Cain’s plan is backed by 13 percent of New Hampshire’s likely primary voters, compared to 30 percent who back Romney’s call to make the Bush tax cuts permanent for all incomes and then work toward an overhaul of the code. Huntsman’s proposal to create three new individual income tax brackets, ranging from 8 percent to 23 percent, is supported by almost 1 in 4 likely primary voters.
“We don’t have no sales tax up here and that would give us one,” said Donald Bodwell, a 77 year old retired auto mechanic. “It’s completely un-doable.”
Former Senator Rick Santorum of Pennsylvania is at 1 percent and Minnesota Representative Michele Bachmann garners 2 percent support in the Bloomberg poll.
Texas Governor Rick Perry, 61, who’s trying to regain momentum after debate performances he said were mediocre, gets support from 3 percent of likely voters.
On the issue of immigration, more than half of the New Hampshire respondents said they would “rule out” a candidate who supported in-state college tuition rates for American born children of undocumented immigrants.
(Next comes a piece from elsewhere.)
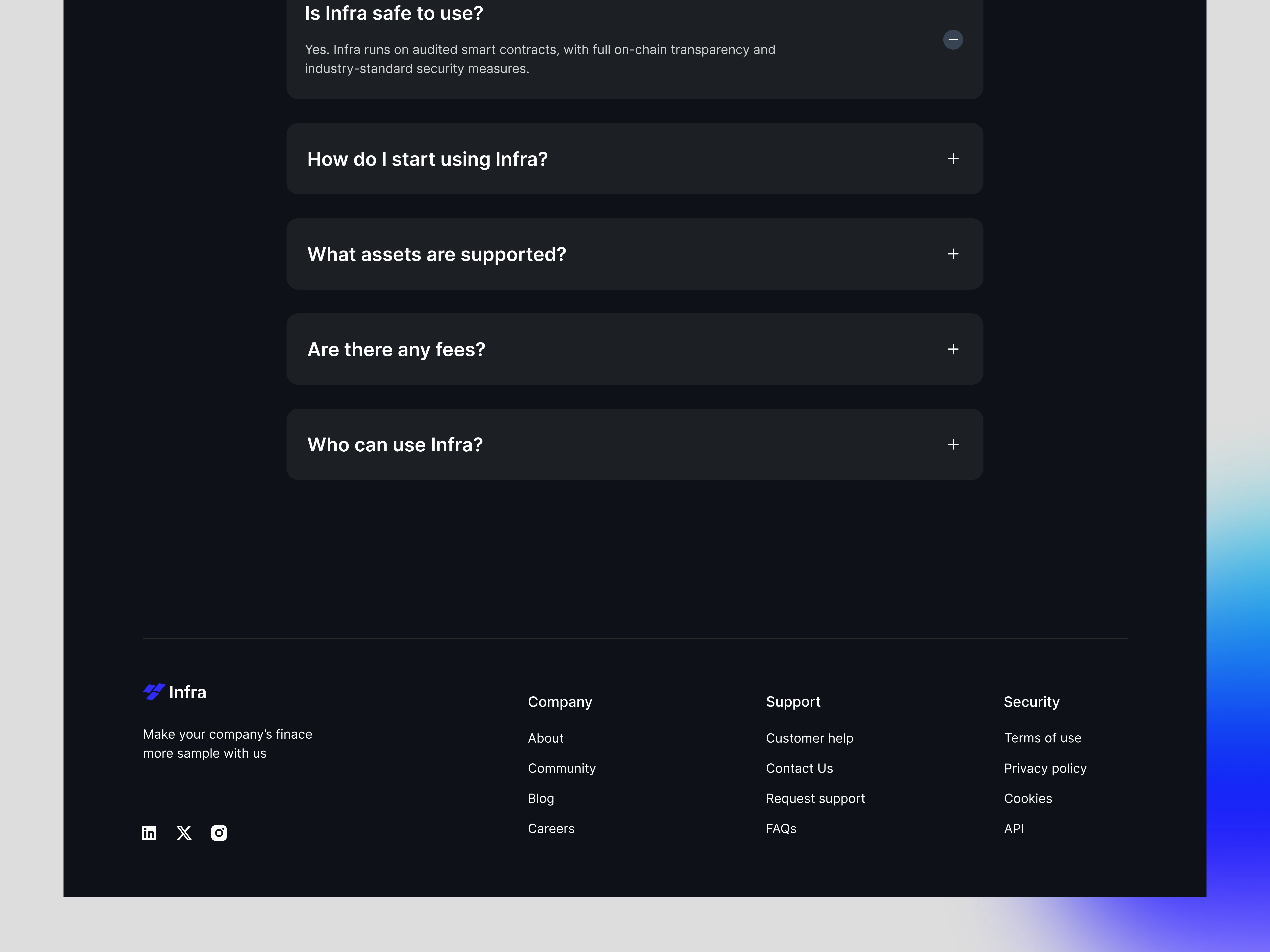 The final website design positions Infra as a secure, global, and user-friendly DeFi platform. It reduces barriers for new users while maintaining credibility for experienced crypto participants. The design highlights clarity, confidence, and conversion, setting the stage for Infra’s product growth.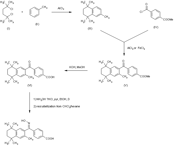 Friedel-Crafts condensation of 2,5-dichloro-2,5-dimethylhexane (I) with toluene (II) in the presence of AlCl3 or FeCl3 afforded the tetrahydronaphthalene (III). Subsequent acylation of (III) with monomethyl terephthalic acid chloride (IV) provided keto ester (V), which was hydrolyzed to keto acid (VI) with methanolic KOH. Condensation of (VI) with hydroxylamine hydrochloride gave the corresponding oxime as a mixture of geometric isomers. The required Z isomer was then isolated by recrystallization from chloroform/hexane.

Perry backed such a plan in Texas.
“I thought he was going to be the tall, good-looking Texan that came riding to the race like the Lone Ranger,” said Ronald Pilotte, 67, a retired facilities manager for the Department of State. “He fell off his horse.”
Perry’s trip was one more advantage for Romney, who has nurtured relationships with influential community leaders and given generously to local candidates in the first primary state for the last four years.
Since announcing his candidacy in Stratham, New Hampshire, on June 2, Romney has held 42 events and spent 24 days in the state, according to spokesman Ryan Williams.
That effort has helped Romney broaden his base of support in the state, winning 43 percent of self-identified Republicans and 38 percent of independent voters likely to vote in the primary. He’s also held on to most of his past supporters. Almost 7 in 10 New Hampshire primary voters who backed Romney during the last election say they plan to vote for him again.
Tracy Emerick, a 64-year-old commercial realtor, says he backed Romney in 2008 and never strayed. “He has managerial experience,” he said, “and government, in general, is out of control.”